Dan Pope has been using medical marijuana for six years to help control the muscle spasms and pain from muscular dystrophy.
“I get very extreme hip, lower back pain and pain going to down to my leg — it gets so bad I can’t move,” said Pope, 44, of Longmont, Colo. “I get very jerky — I couldn’t hold a cup of coffee, my balance and my gait becomes very much affected.”
“By using medical marijuana late in the afternoon [when his symptoms hit], I can find immediate relief from my muscle spasms,” said Pope, who is the volunteer patient outreach coordinator for Sensible Colorado, a non-profit focused on drug policy reform.
Medicinal marijuana is legal in Pope’s state, and legal in varying degrees in 13 others — California, Alaska, Oregon, Washington, Maine, Hawaii, Nevada, Vermont, Montana, Rhode Island, New Mexico, Michigan and New Jersey.
U.S. Attorney General Eric Holder announced in February 2009 that the Justice Department will not prosecute local medical marijuana dispensaries who abide by state laws.
Pope, who grows his own plants, may be safe from prosecution. But he still believes the federal government should change its classification of medical marijuana — and increasingly, so do others including the American Medical Association.
On Wednesday, the New England Journal of Medicine published an editorial by two law professors arguing that the federal government should change the status of marijuana under the Controlled Substances Act.
The current classification, the professors argued, stopped researchers from studying the purported medical benefits and health risks of cannabinoid-based medicine even though state laws allowed doctors to prescribe the drug.

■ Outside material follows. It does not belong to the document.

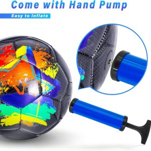 Premium Material Wins: Glitter appearance looks attractive to boys/girls/teens. This is a cool soccer balls for teens/child/boys/girls. The bladder inside is made of the industry-standard butyl rubber which holds air really well and preserves the shape of the ball. The outside is machine stitched, made of TPU leather for improved softness, bounce and durability, easier control, so it won’t cause any injuries

“We saw, looking at the different state laws that they’re kind of all over the map in terms of the conditions they approved and the quantities [of marijuana] that they permit,” said Diane Hoffmann, professor of law at the University of Maryland School of Law, who wrote the article with fellow professor Ellen Weber.

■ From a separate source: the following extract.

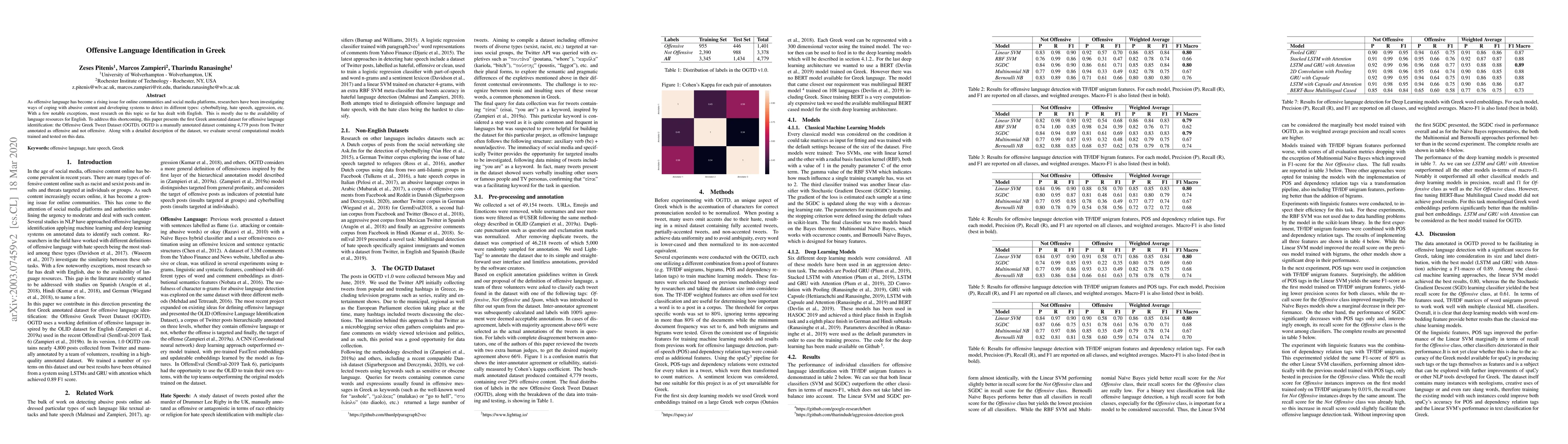 This paper introduces the first Greek annotated dataset for offensive language identification, the Offensive Greek Tweet Dataset (OGTD), and evaluates several computational models trained on this data to address the lack of resources for Greek in this research area. The dataset comprises 4,779 manually annotated Twitter posts classified as offensive or not.

“It doesn’t seem like there’s rhyme or reason for those numbers, and what are they based on,” said Hoffmann.
“There has been less than 20, small randomly control trials involving 300 patients in the last 30 years,” said Hoffmann, who said changing the classification of marijuana would allow for much larger clinical trials, and perhaps one day U.S. Food and Drug Administration regulation and standardization of cannabinoids
But as of now, marijuana is classified as a Schedule I drug — defined as having no medical use and a high risk for abuse.
Anecdotally, medical marijuana users say this classification is mistaken.

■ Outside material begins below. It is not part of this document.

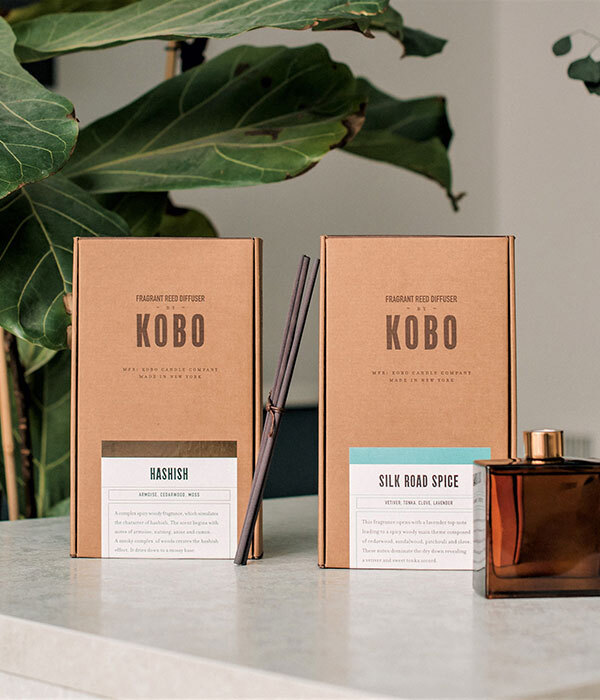 Диффузор KOBO Candles на 100% состоит из аромамасел, а значит он будет радовать вас дольше обычного. Он упакован в роскошную коробку, внутри – стеклянная бутыль и палочки из фибры: этот материал особенно хорошо впитывает аромат.

“I certainly think the current Schedule I classification is ridiculous,” said Pope. “I have muscular dystrophy, which currently has no cure or treatment. I know that from my personal experience that using medical marijuana that I do have relief from my symptoms.”
More scientific evidence could lead to a change in drug classification. But Hoffmann argues that with marijuana currently classified as a Schedule I drug, doctors cannot access it to study it.
“[Right now] there’s a very elaborate process in terms of approval by the FDA, the DEA and the national institute for drug abuse to be able to perform research on marijuana for medical purposes,” she said.
A spokesperson for DEA declined to comment for this story citing the DEA’s role in enforcement, not policy. Instead the DEA referred ABCNews.com to Office of National Drug Control Policy.
“The Obama Administration has no plans to reclassify marijuana. The FDA approval process is a well-respected and proven method of determining the safety and effectiveness of medications,” the Office of National Drug Control Policy wrote in an e-mailed statement to ABCNews.com. “We support sound research efforts within the FDA-approved process for medication development.”
But marijuana advocates have petitioned courts and the DEA to change the classification of medical marijuana from the highly restricted Schedule I class to at least a Schedule II for years.
“We filed a lawsuit in 1972 I believe it was saying that marijuana should be filed as a Schedule II,” said Dale Gieringer, director of California NORML, a medical marijuana advocacy group.
Gieringer said court cases reached higher and higher in appeals, until advocates were instructed to take the problem to the DEA.
“We have a re-scheduling position that was filed eight years ago to the DEA that has been under investigation for eight years,” said Gieringer.
Gieringer said NORML has yet to hear back on that investigation.